## Requirement
When you copy from the entries that follow, take only the lines from the one with "Sänky patjalla ilman" down to the one with "Fototapeta premium Wooden", keeping both ends and dropping every picture.

## Record excerpts

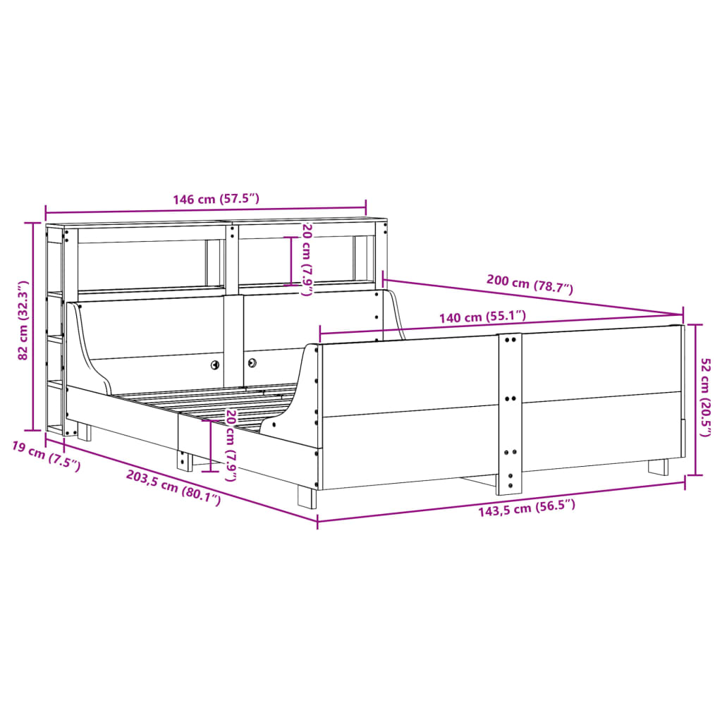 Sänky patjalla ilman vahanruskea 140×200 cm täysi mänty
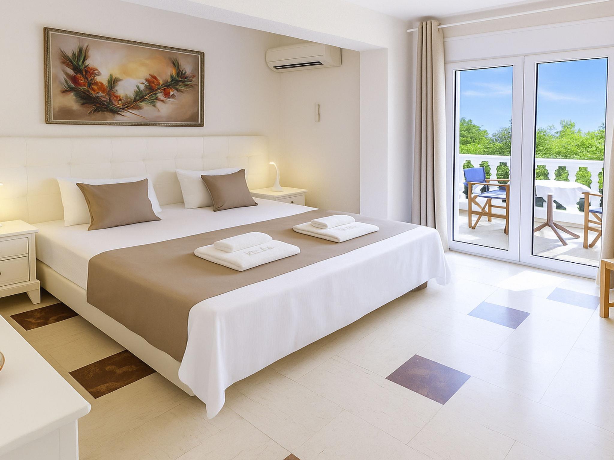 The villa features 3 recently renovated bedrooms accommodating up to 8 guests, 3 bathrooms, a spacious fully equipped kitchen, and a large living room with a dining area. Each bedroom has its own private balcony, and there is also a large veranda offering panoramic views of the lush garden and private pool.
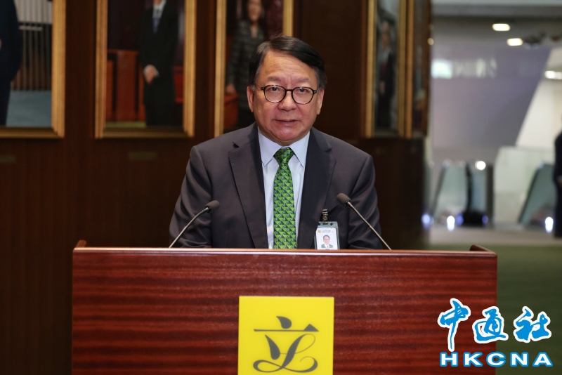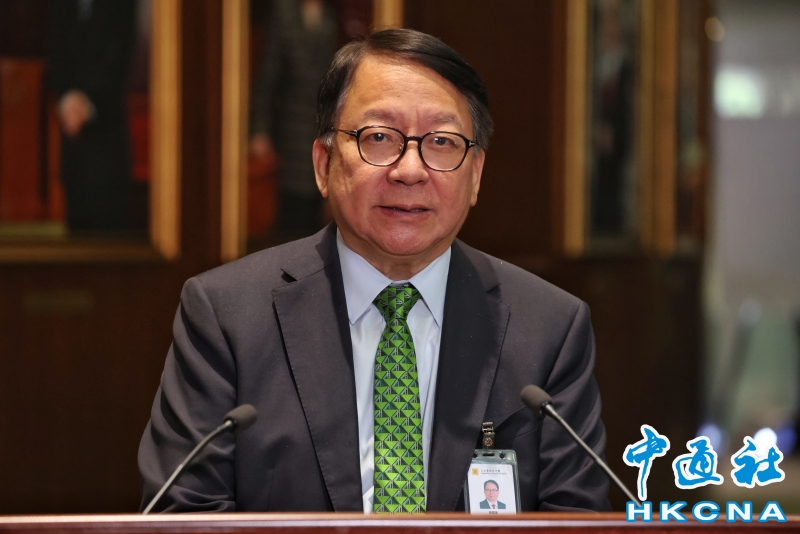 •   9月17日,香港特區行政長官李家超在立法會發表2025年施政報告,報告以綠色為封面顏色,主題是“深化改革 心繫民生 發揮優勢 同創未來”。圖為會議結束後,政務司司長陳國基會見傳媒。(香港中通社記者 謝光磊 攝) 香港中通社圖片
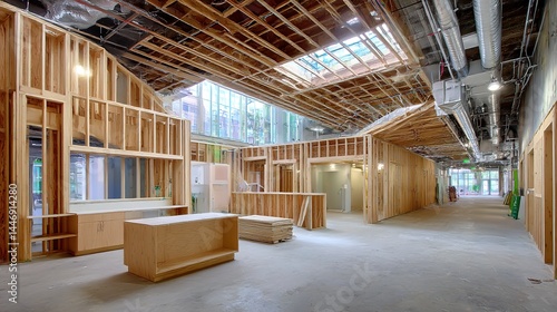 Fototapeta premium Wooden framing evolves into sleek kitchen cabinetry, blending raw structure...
---
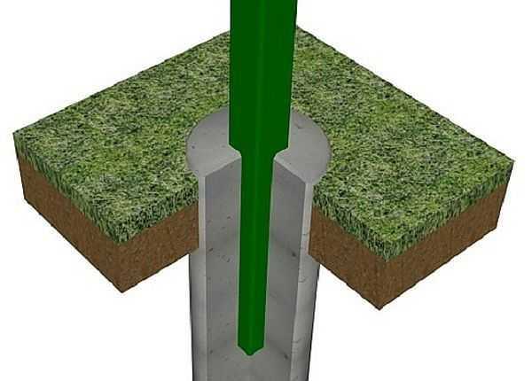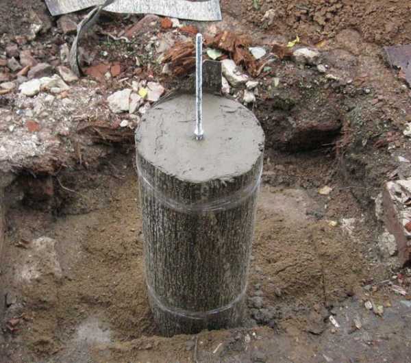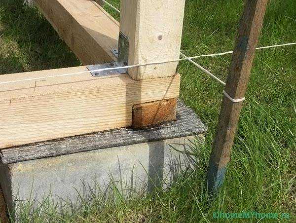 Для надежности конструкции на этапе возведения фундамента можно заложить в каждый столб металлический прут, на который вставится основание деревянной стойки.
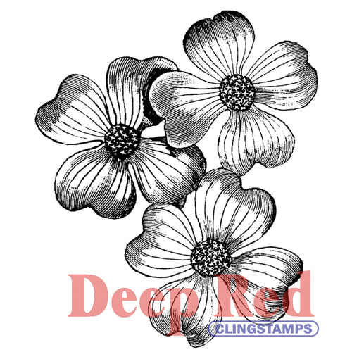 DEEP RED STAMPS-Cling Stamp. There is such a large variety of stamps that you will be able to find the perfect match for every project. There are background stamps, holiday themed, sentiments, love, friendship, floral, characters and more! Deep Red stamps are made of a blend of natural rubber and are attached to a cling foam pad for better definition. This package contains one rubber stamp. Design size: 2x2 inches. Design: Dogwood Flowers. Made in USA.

## Solution to the problem
 Sänky patjalla ilman vahanruskea 140×200 cm täysi mänty
 The villa features 3 recently renovated bedrooms accommodating up to 8 guests, 3 bathrooms, a spacious fully equipped kitchen, and a large living room with a dining area. Each bedroom has its own private balcony, and there is also a large veranda offering panoramic views of the lush garden and private pool.
 •   9月17日,香港特區行政長官李家超在立法會發表2025年施政報告,報告以綠色為封面顏色,主題是“深化改革 心繫民生 發揮優勢 同創未來”。圖為會議結束後,政務司司長陳國基會見傳媒。(香港中通社記者 謝光磊 攝) 香港中通社圖片
 Fototapeta premium Wooden framing evolves into sleek kitchen cabinetry, blending raw structure...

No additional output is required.